2

How do you download the audio from html5 or however this audio of text-to-speech is working on this site? https://ttsreader.com/

I'm trying to automate some testing with real audio to test on Amazon Alexa, and so I need a huge sample set of audio files. So I have all the permutations of the phrases I want to try, but I need different voices for each one.

I found https://ttsreader.com/ and I like the variety and natural voices they have, but I can't figure out how to programmatically download the text-to-speech audio when the voice plays.

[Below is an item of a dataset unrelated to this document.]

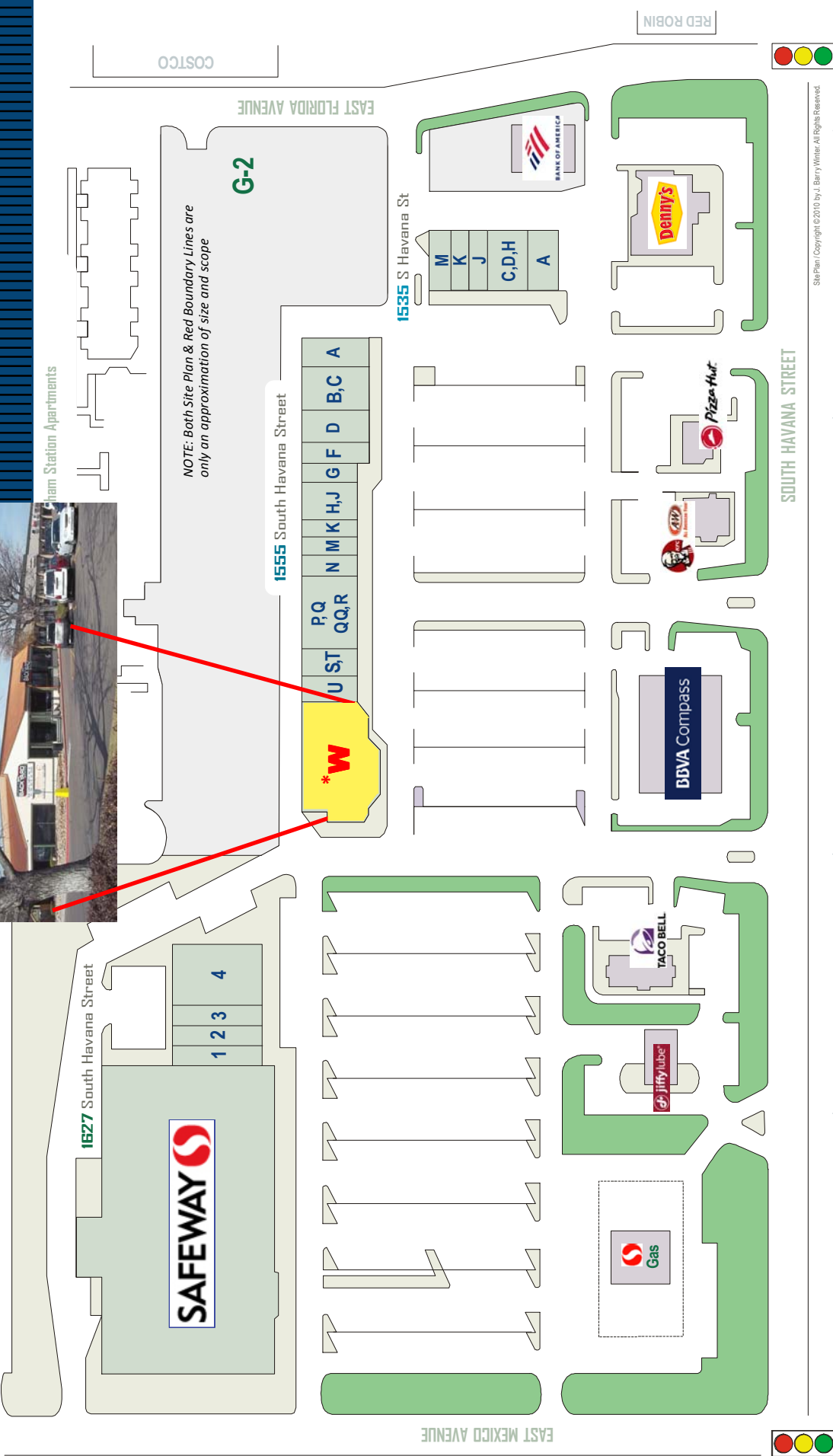
Ham Station Apartments

I'm planning on downloading like 6k audio files between all the different voices so I definitely need to script this somehow, as their suggested way through Audacity would be far too time consuming.

guest271314
  • 1
  • 15
  • 104
  • 177
joshbenner851
  • 111
  • 1
  • 12
  • 1
    Is requirement to download audio output of text to speech? – guest271314 Jul 20 '17 at 05:20
  • Yes, Updated question to reflect that – joshbenner851 Jul 20 '17 at 05:27
  • These voices are yours (or at least the ones of your system + maybe a few of your browser's) So maybe you might consider using an other tool than the browser to do this job ? I guess there are some softs out there that can also use these speechvoices, and maybe even at a rate > x1 or multiple voices at the same time. – Kaiido Jul 20 '17 at 06:20
  • @Kaiido Voice can be installed or created for `window.speechSynthesis` to list and use. OP is trying to return a static file of, or for lack of a viable alternative, record the output of text-to-speech at computer using JavaScript. Yes "other tool" could achieve the same, the present inquiry is related to using JavaScript. – guest271314 Jul 20 '17 at 06:23
  • @guest271314 but this website didn't installed other voices. `window.speechVoices` (used to make the list) is exactly the same as `speechSynthesis.getVoices()` – Kaiido Jul 20 '17 at 06:26

2 Answers2

3

Soooo this is specific to if you have a Mac and you're happy with the voices Apple provides, but I was enlightened to the command say which allows you to download audio files in different voices.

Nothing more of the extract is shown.